→ **Task material**:

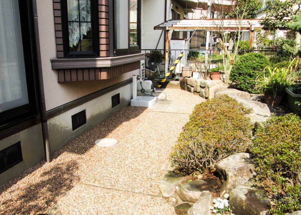 建物の際には洗い出しで使用した砂利と同じものを防草シートの上に敷き防草対策もしました。
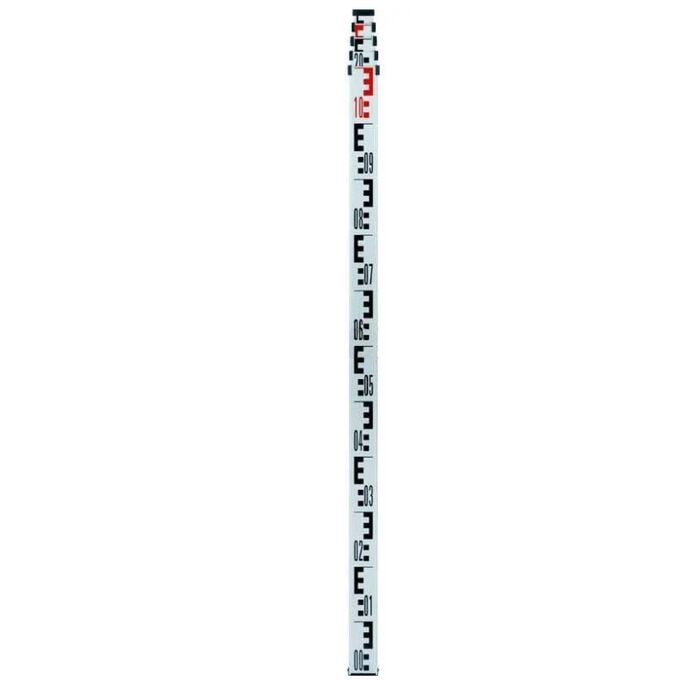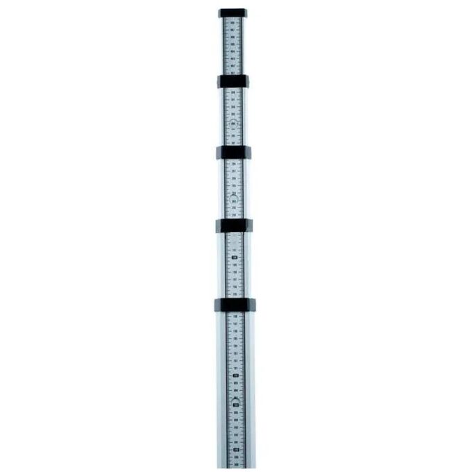 Нивелирная телескопическая рейка ADA STAFF 5 изготовлена из алюминиевого сплава. Профиль оснащен ребрами жесткости, что придает данной рейке дополнительную прочность. Кнопка для фиксации секций рейки металлизированная, стойкая к морозу и служит долгое время. Данная телескопическая рейка на оборотной стороне имеет пять секций, на каждой из которых нанесена миллиметровая шкала снизу до верху. На лицевой стороне расположена шкала «Е», которая обозначена черно/красным цветом. Есть возможность устанавливать дополнительный пузырьковый уровень на пластиковую окантовку в верхний части секции (с креплением типа «уголок») или на профиль рейки (защелкивающийся пластиковый уровень).
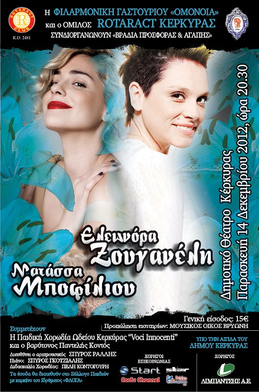 Βραδιά Προσφοράς και Aγάπης, στο Δημοτικό Θέατρο Κέρκυρας μαζί με τις τραγουδίστριες Νατάσσα Μποφίλιου και Ελεωνόρα Ζουγανέλη.
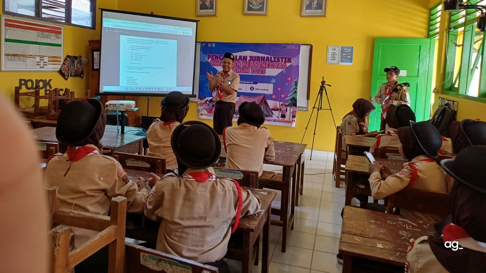 “Pramuka bukan hanya belajar tali-temali dan baris-berbaris. Pramuka juga harus bisa menulis, bercerita, dan menyebarkan kabar baik. Dari tulisan yang sederhana, kita bisa menunjukkan bahwa kegiatan Pramuka itu seru, mendidik, dan penuh nilai positif.” Ujar Kak Agung di hadapan para peserta.
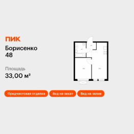 Продаётся 1-комн. квартира площадью 33,1 кв.м на 24 этаже 28 этажного дома (Корпус 2, Секция 2) проекта ПИК Борисенко 48. Светлый просторный подъезд на уровне земли, функциональная планировка, большие окна, предчистовая отделка. ''Борисенко 48'' - небольшой квартал в Первомайском районе, в 15 минутах пути на автомобиле от центра Владивостока. С верхних этажей откроется живописный вид на город и сопки. В проекте всего четыре дома и подземный паркинг, в который можно будет спуститься на лифте. Высота домов от 17 до 30 этажей - благодаря переменной этажности солнце будет лучше освещать двор и квартиры. На первых этажах откроются пекарни, кафе, магазины и другие сервисы - это удобно, когда внезапно закончится хлеб или захочется побаловать себя горячим кофе. Из каждого дома будет выход в уютный двор-парк - это закрытая территория для отдыха, где растут цветы и деревья, оборудованы детские и спортивные площадки. Рядом с ''Борисенко 48'' появится также детский сад для 150 малышей. В пешей доступности есть всё необходимое для комфортной жизни: школы, детские сады, поликлиника и магазины. До крупных торговых центров ''Калина Молл'' и ''Луговая'', а также супермаркета ''Реми'' - всего 5 минут на машине. А до озера на Сафонова, которое отлично подходит для прогулок и отдыха, можно дойти пешком за 9 минут. Живописная Леопардовая набережная - в 10 минутах на автомобиле. Из квартала можно будет выехать как на улицу Борисенко, так и на улицу Сафонова. Артикул 919369 (Застройщик ООО ''СЗ ''Юстина'')
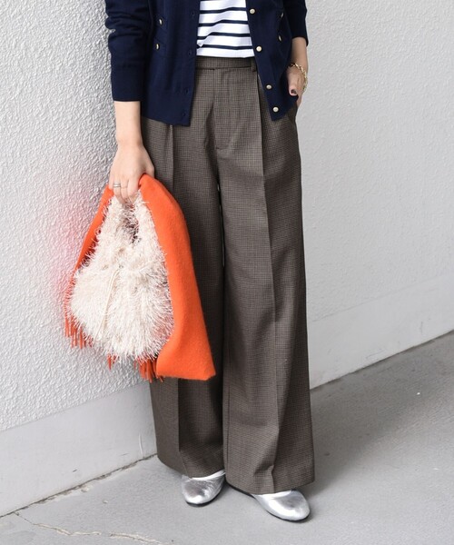 これからの時期に重宝する、チェック柄のワイドパンツ。
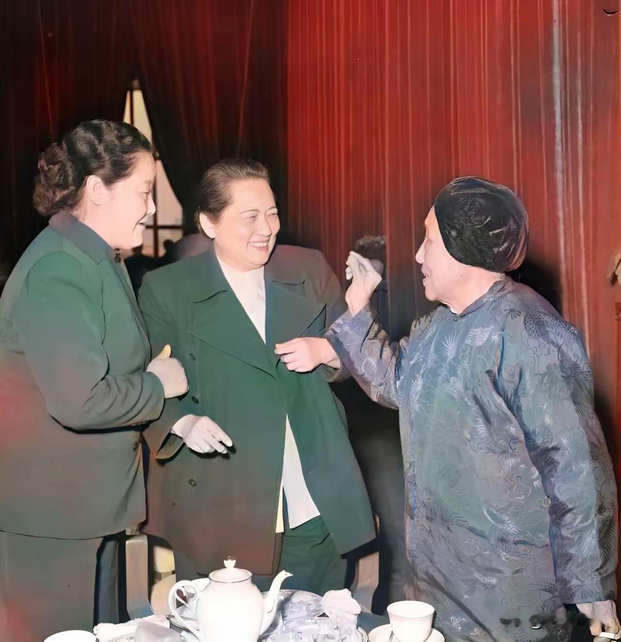 照片中的这三个女人,除了站在中间的宋庆龄之外,其他两位还是有点看不准是谁。有人说
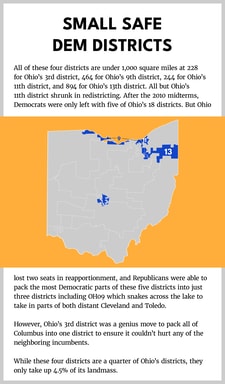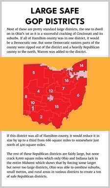 Ohio featured the most successful Republican gerrymander, perhaps in the country for one main reason. They were smart enough to pack Columbus into one district. By giving away one district, they were able to draw an obscene partisan gerrymander overall that locked in a twelve-to-six delegation majority for the entire decade.
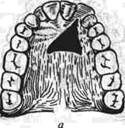 Метод Spanier-Kriemer-P. Н Чеховского применим в тех случаях, когда сквозной дефект твердого неба имеет овальную форму и не превышает 1х0.5 см. При этом, если позволяет запас тканей (рис. 172 а), на одной из боковых сторон дефекта намечают и очерчивают бриллиантовым зеленым границы слизисто-надкостничного лоскута с таким расчетом, чтобы он после выкраивания, отсепаровки и опрокидывания на 180° смог перекрыть дефект с избытком на 3-4 мм по периметру Эту периферическую полоску лоскута подвергают деэпителизации (б) при помощи фрезы; недеэпителизированной остается лишь часть, способная, повторяя форму и размер дефекта, закрыть весь его просвет после опрокидывания лоскута на 180°.
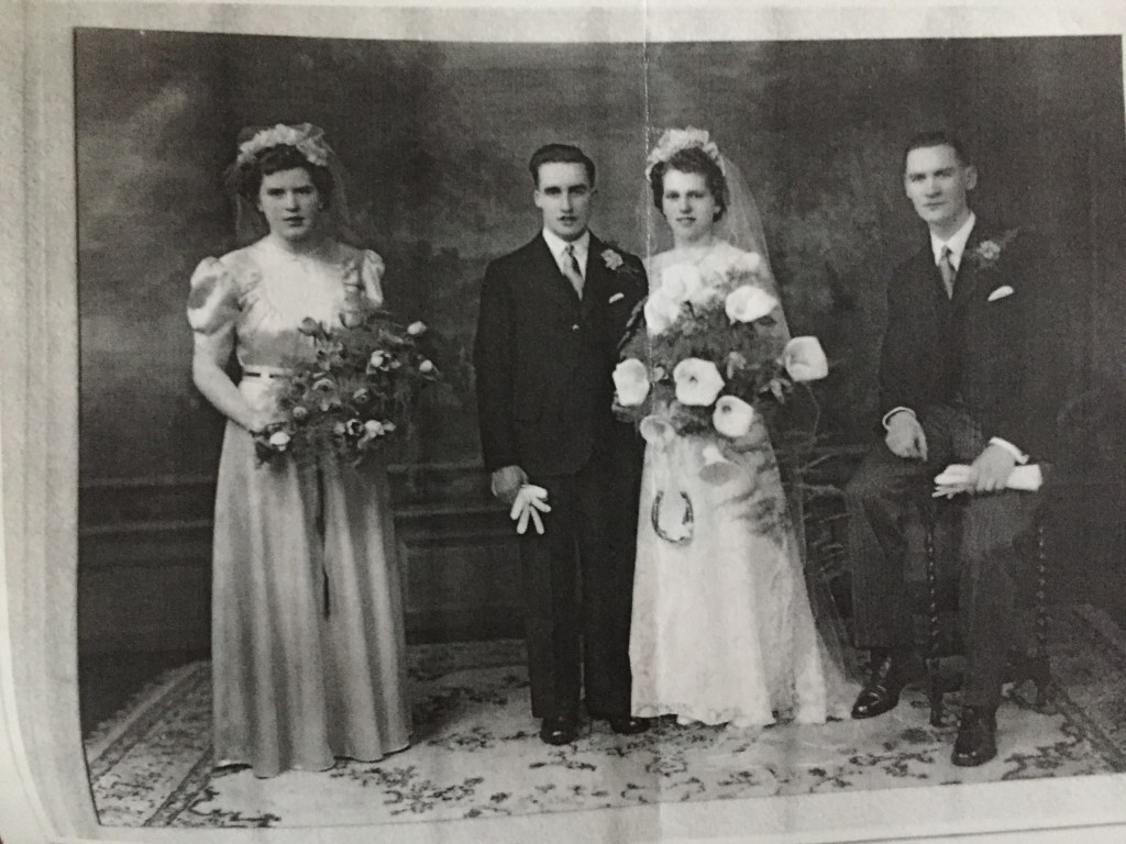 I don’t know how or when Mum came to faith in Christ, but she did, and was involved for the rest of her active life in Bute Hall, along with her sisters Jean and Nessie. These three sisters married the remaining three Hay brothers – John, Bill and Bert, Mum and Dad marrying on 22 March 1945.
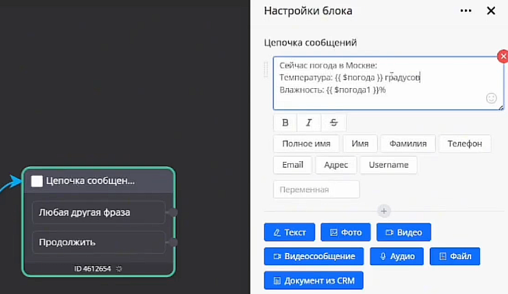 Для первичной проверки включите в блоке HTTP-запрос опцию «Вывести тело ответа в чат», сохраните сценарий и отправьте боту команду. В чат придёт длинная строка JSON.
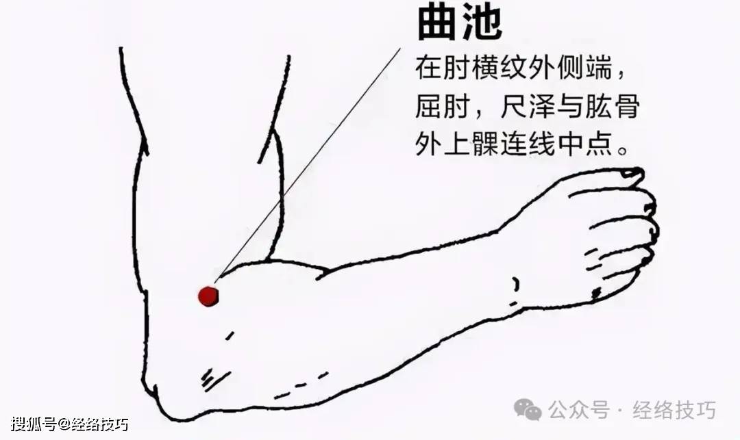 曲池位于肘部,是调理上焦郁热的常用穴位。传统养生以为,头面发热,多与阳明经有关。按压此地,能把热往下引导,从而恢复清阳上升、浊阴下降的状态。
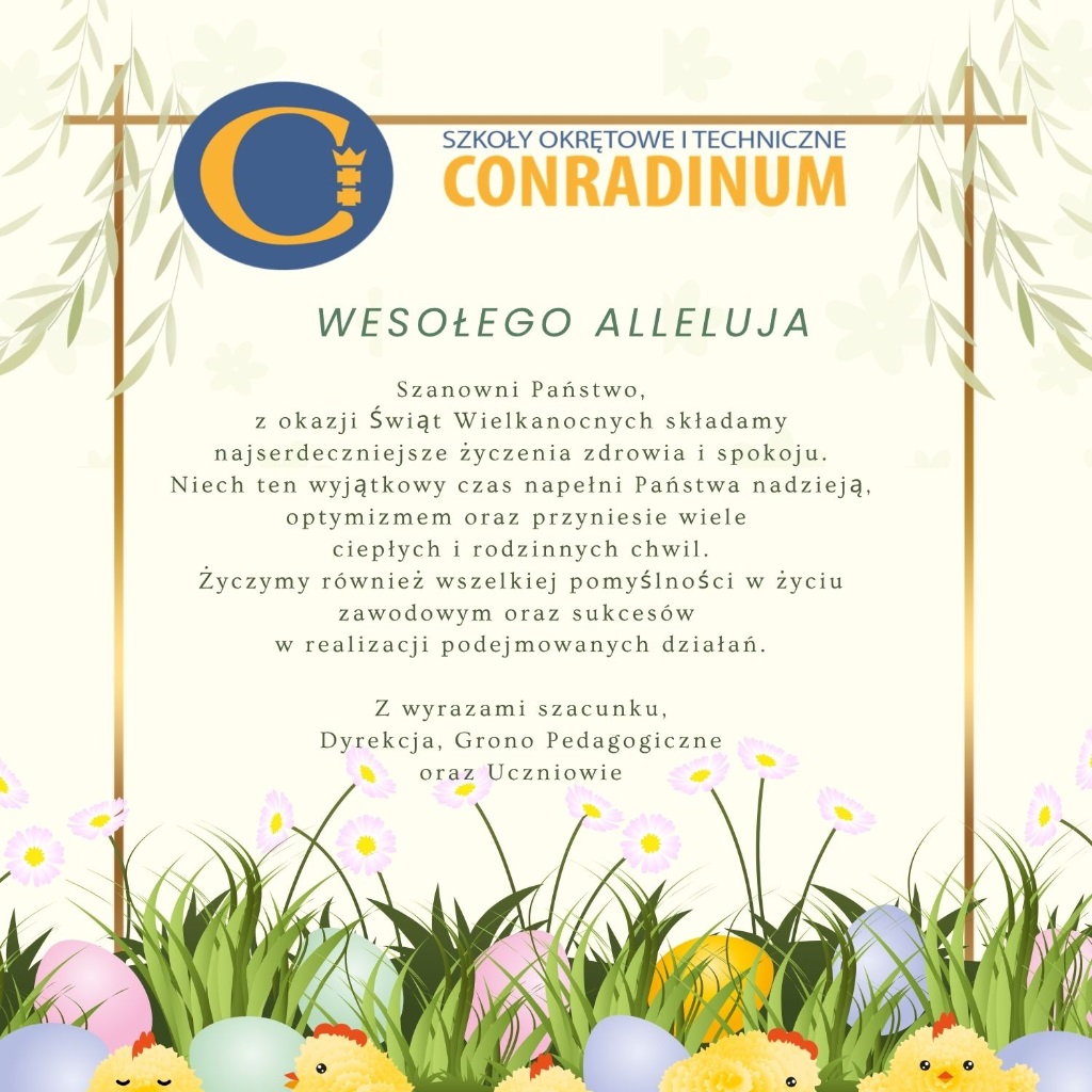 Życzenia wielkanocne - Szkoły Okrętowe i Ogólnokształcące CONRADINUM (XVIII Liceum Ogólnokształcące, Technikum nr 18, Branżowa Szkoła I stopnia nr 18)

→ **What you will do**: Return each line of the data, keeping its wording exact and omitting pictures.

→ **Problem solution**:
 建物の際には洗い出しで使用した砂利と同じものを防草シートの上に敷き防草対策もしました。
 Нивелирная телескопическая рейка ADA STAFF 5 изготовлена из алюминиевого сплава. Профиль оснащен ребрами жесткости, что придает данной рейке дополнительную прочность. Кнопка для фиксации секций рейки металлизированная, стойкая к морозу и служит долгое время. Данная телескопическая рейка на оборотной стороне имеет пять секций, на каждой из которых нанесена миллиметровая шкала снизу до верху. На лицевой стороне расположена шкала «Е», которая обозначена черно/красным цветом. Есть возможность устанавливать дополнительный пузырьковый уровень на пластиковую окантовку в верхний части секции (с креплением типа «уголок») или на профиль рейки (защелкивающийся пластиковый уровень).
 Βραδιά Προσφοράς και Aγάπης, στο Δημοτικό Θέατρο Κέρκυρας μαζί με τις τραγουδίστριες Νατάσσα Μποφίλιου και Ελεωνόρα Ζουγανέλη.
 “Pramuka bukan hanya belajar tali-temali dan baris-berbaris. Pramuka juga harus bisa menulis, bercerita, dan menyebarkan kabar baik. Dari tulisan yang sederhana, kita bisa menunjukkan bahwa kegiatan Pramuka itu seru, mendidik, dan penuh nilai positif.” Ujar Kak Agung di hadapan para peserta.
 Продаётся 1-комн. квартира площадью 33,1 кв.м на 24 этаже 28 этажного дома (Корпус 2, Секция 2) проекта ПИК Борисенко 48. Светлый просторный подъезд на уровне земли, функциональная планировка, большие окна, предчистовая отделка. ''Борисенко 48'' - небольшой квартал в Первомайском районе, в 15 минутах пути на автомобиле от центра Владивостока. С верхних этажей откроется живописный вид на город и сопки. В проекте всего четыре дома и подземный паркинг, в который можно будет спуститься на лифте. Высота домов от 17 до 30 этажей - благодаря переменной этажности солнце будет лучше освещать двор и квартиры. На первых этажах откроются пекарни, кафе, магазины и другие сервисы - это удобно, когда внезапно закончится хлеб или захочется побаловать себя горячим кофе. Из каждого дома будет выход в уютный двор-парк - это закрытая территория для отдыха, где растут цветы и деревья, оборудованы детские и спортивные площадки. Рядом с ''Борисенко 48'' появится также детский сад для 150 малышей. В пешей доступности есть всё необходимое для комфортной жизни: школы, детские сады, поликлиника и магазины. До крупных торговых центров ''Калина Молл'' и ''Луговая'', а также супермаркета ''Реми'' - всего 5 минут на машине. А до озера на Сафонова, которое отлично подходит для прогулок и отдыха, можно дойти пешком за 9 минут. Живописная Леопардовая набережная - в 10 минутах на автомобиле. Из квартала можно будет выехать как на улицу Борисенко, так и на улицу Сафонова. Артикул 919369 (Застройщик ООО ''СЗ ''Юстина'')
 これからの時期に重宝する、チェック柄のワイドパンツ。
 照片中的这三个女人,除了站在中间的宋庆龄之外,其他两位还是有点看不准是谁。有人说
 Ohio featured the most successful Republican gerrymander, perhaps in the country for one main reason. They were smart enough to pack Columbus into one district. By giving away one district, they were able to draw an obscene partisan gerrymander overall that locked in a twelve-to-six delegation majority for the entire decade.
 Метод Spanier-Kriemer-P. Н Чеховского применим в тех случаях, когда сквозной дефект твердого неба имеет овальную форму и не превышает 1х0.5 см. При этом, если позволяет запас тканей (рис. 172 а), на одной из боковых сторон дефекта намечают и очерчивают бриллиантовым зеленым границы слизисто-надкостничного лоскута с таким расчетом, чтобы он после выкраивания, отсепаровки и опрокидывания на 180° смог перекрыть дефект с избытком на 3-4 мм по периметру Эту периферическую полоску лоскута подвергают деэпителизации (б) при помощи фрезы; недеэпителизированной остается лишь часть, способная, повторяя форму и размер дефекта, закрыть весь его просвет после опрокидывания лоскута на 180°.
 I don’t know how or when Mum came to faith in Christ, but she did, and was involved for the rest of her active life in Bute Hall, along with her sisters Jean and Nessie. These three sisters married the remaining three Hay brothers – John, Bill and Bert, Mum and Dad marrying on 22 March 1945.
 Для первичной проверки включите в блоке HTTP-запрос опцию «Вывести тело ответа в чат», сохраните сценарий и отправьте боту команду. В чат придёт длинная строка JSON.
 曲池位于肘部,是调理上焦郁热的常用穴位。传统养生以为,头面发热,多与阳明经有关。按压此地,能把热往下引导,从而恢复清阳上升、浊阴下降的状态。
 Życzenia wielkanocne - Szkoły Okrętowe i Ogólnokształcące CONRADINUM (XVIII Liceum Ogólnokształcące, Technikum nr 18, Branżowa Szkoła I stopnia nr 18)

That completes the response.